AMID suspicions that leprosy patients could be turning resistant to drugs, just like several strains of the tuberculosis bacteria are to even the most aggressive medication, samples of nine leprosy patients in Mumbai, who have had a relapse, have been sent to a national laboratory in Delhi for tests to confirm whether resistance to drugs is the cause for the recurrence of the disease. Leprosy, a bacterial infection, is known to silently advance in the human host with early symptoms showing numb skin patches and shiny skin that progress into nodules on the entire body.
Samples of nine patients from Mumbai have been sent to The Leprosy Mission, to check if patients suffer from any resistance. In two cases, the results are still awaited. In the remaining cases, lab tests have found no resistance. Medical records of those two patients show they suffered a relapse despite undergoing full treatment. A 38-year-old man, native of Jaunpur in Uttar Pradesh, underwent leprosy treatment in 2011 after he experienced numbness in his hands and legs followed by visible nodules on his body. In 2014, he tested negative for leprosy bacteria after undergoing multidrug therapy treatment for three years. In April this year, he developed new lesions. “His skin biopsy is suggestive of active leprosy,” said Dr VV Pai, from Bombay Leprosy Project, adding that cause of the relapse is not known.
In another case, a 39-year-old woman from Kolkata, who had undergone leprosy treatment in 1998 in West Bengal, has suffered a relapse. She was referred from Thane’s Municipal Hospital to Bombay Leprosy Project for recurrent and painful lesions that she developed 17 years after being treated of leprosy. While multi-drug therapy (MDT) has been initiated for her, her samples have also been sent to check if she is resistant to any drug under the MDT. Resistance to leprosy drugs such as dapsone and ofloxacin has already been found in patients across India. What is worrying doctors is possible resistance to the stronger drug rifampicin, which is a monthly dose for leprosy patients and used in first line treatment. Resistance to rifampicin is already rampant amongst tuberculosis patients in the country.
In 2016, Foundation for Medical Research along with Bombay Leprosy Project conducted lab tests on 90 leprosy patients in Mumbai and Panvel to check for drug resistance as a part of Indian Council of Medical Research (ICMR) study on drug resistance.

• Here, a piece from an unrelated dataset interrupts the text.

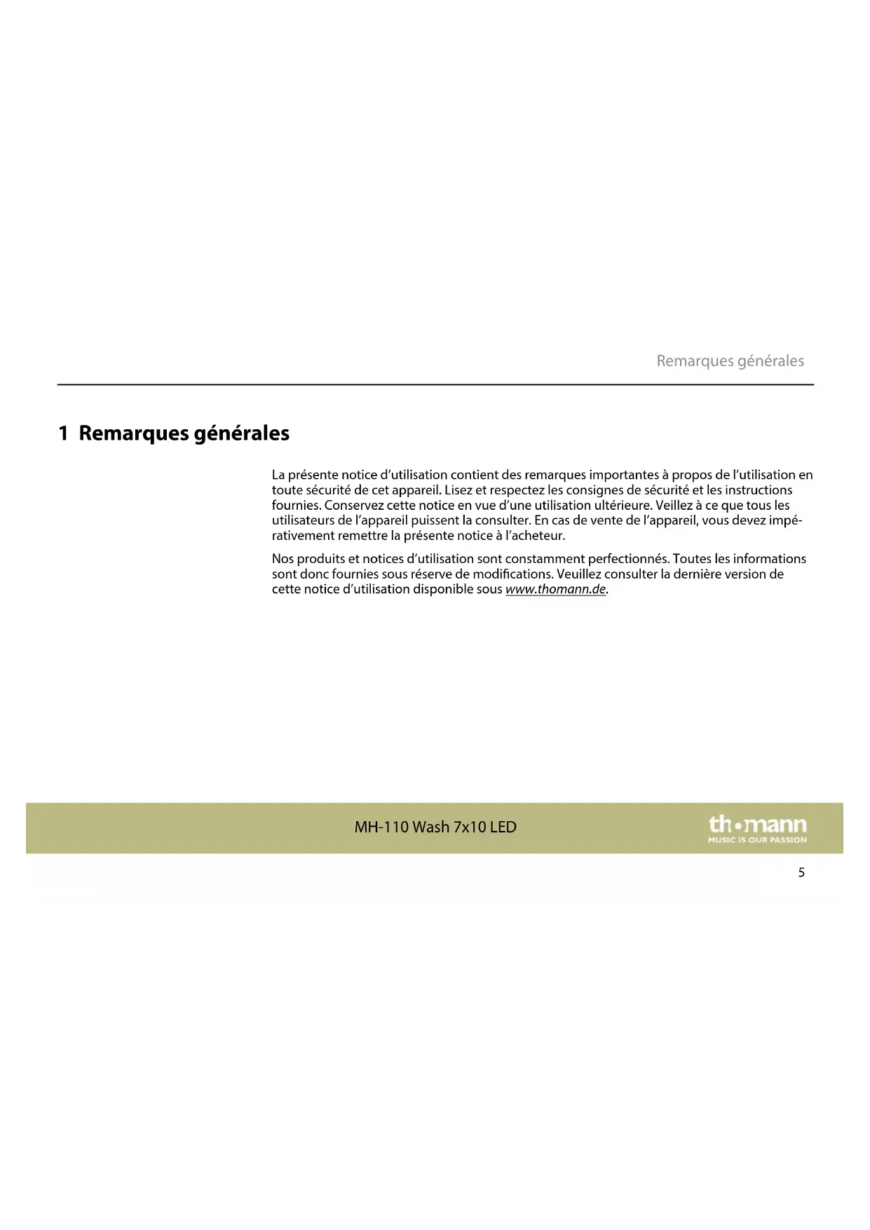 Sur notre site (www.thomann.de) vous trouverez beaucoup plus d'informations et de détails sur les points suivants : Téléchargement Cette notice d'utilisation est également disponible sous forme de chier PDF à télécharger. Recherche par mot- clé Utilisez dans la version électronique la fonction de recherche pour trouver rapidement les sujets qui vous intéressent. Guides en ligne Nos guides en ligne fournissent des informations détaillées sur les bases et termes techniques. Conseils personnalisés Pour obtenir des conseils, veuillez contacter notre hotline technique. Service Si vous avez des problèmes avec l'appareil, notre service clients sera heureux de vous aider. Remarques générales

The study found 4 per cent resistance to dapsone and 2 per cent resistance to ofloxacin. “But we did not find any patient resistant to rifampicin,” said senior scientist Dr Vanaja Shetty, adding, “Rifampicin resistance has been reported in north India. But we suspect cases may start coming up in this region too.”
A treated leprosy patient may relapse due to fresh bacterial infection, persistence of old bacteria in body or due to drug resistance. The fresh load of nine cases sent from Mumbai to Delhi for tests are all relapse cases. In 1980s and 90s, 35 per cent patients treated for leprosy showed resistance to dapsone in India. Experts believe if rifampicin resistance becomes common, patients may face similar issues that TB patients witness-lack of newer drug options to treat the infectious disease.
In Maharashtra, under the National Leprosy Eradication Programme, a door-to-door survey of leprosy patients was conducted in September to screen 5.46 crore people in 22 districts. “In 2016, a similar drive had screened 3.5 crore people and diagnosed 4,322 patients suffering from leprosy,” said state leprosy in-charge Dr Sanjeev Kamble. He added that Maharashtra has still not recorded rifampicin resistance actively amongst patients.
Under the national programme, the government has ambitiously aimed to eradicate the disease by next year. The current first line of treatment includes rifampicin, dapsone and clofazamine. If patients do not respond to first line, they are pushed for second line of treatment, which includes ofloxacin and minocycline.